Subprime Crisis: Better-Not More-Regulation Needed

Mar 11, 2008

The subprime crisis and credit crunch have rejuvenated a public dialogue about the regulation of the U.S. capital markets.

By capital markets, I’m talking about the vast array of financial products and services—debt and equities securities, mutual funds, commodities and derivative products, credit and banking products, and insurance—upon which businesses, investors, and consumers depend. All of these are essential for financing new ideas, innovations, and jobs, as well as new homes, retirement, and college tuition.

More lawsuits and additional regulatory or legislative Band-Aid fixes are not solutions for the challenges facing our financial markets. Rather, it’s time for thoughtful and comprehensive capital markets regulatory reform. We need better regulation, not more regulation.

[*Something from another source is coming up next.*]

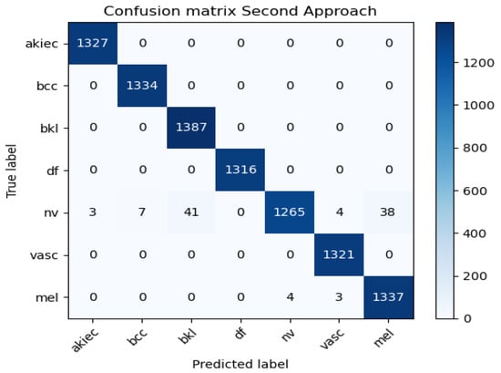 The data balancing was carried out based on the principle of equalizing the number of samples in the least represented class with the number of samples in the most represented class within the dataset using the RandomOverSampler technique. RandomOverSampler is a machine learning technique that is employed to address class imbalance in data [49]. It involves selecting and duplicating multiple instances from the minority class randomly and adding them to the dataset several times, potentially resulting in the two classes being equally represented [49]. After the dataset had been balanced, 6705 images were created for each of the seven types of skin cancer.

In the past couple of years, no fewer than four independent, blue ribbon commissions tasked with studying the competitiveness of the U.S. capital markets—including the U.S. Chamber bipartisan Commission on the Regulation of the U.S. Capital Markets in the 21st Century—have concluded that, while not completely broken, the U.S. capital markets regulatory and enforcement environment needs repairing.

First, we must make our regulatory system more coherent, contemporary, and compatible with the rest of the world. Our system, largely unchanged since it was created during the Great Depression, has failed to respond to increasingly competitive markets overseas and more complex investment instruments. Overlapping authority among federal and state regulatory bodies creates confusion and, sometimes, a contradictory patchwork of rules. Complicating things further is the fact that U.S. accounting and auditing standards are not in line with increasingly global integrated standards.

Second, we need fair, even-handed enforcement that upholds due process rights. A rules-based, "gotcha," enforcement-only mentality discourages capital formation. While we need to be as tough as nails on those that break the rules, fairness in enforcing the law is important for encouraging businesses to take risks to grow. Agencies should develop their roles as partners or mentors, offering companies clear and concise guidance and compliance tools.

Finally, we must challenge the self-serving tactics of trial lawyers, labor pension funds, and corporate governance rating agencies that, through lawsuits and politically motivated proxies, attack companies and drive down shareholder value.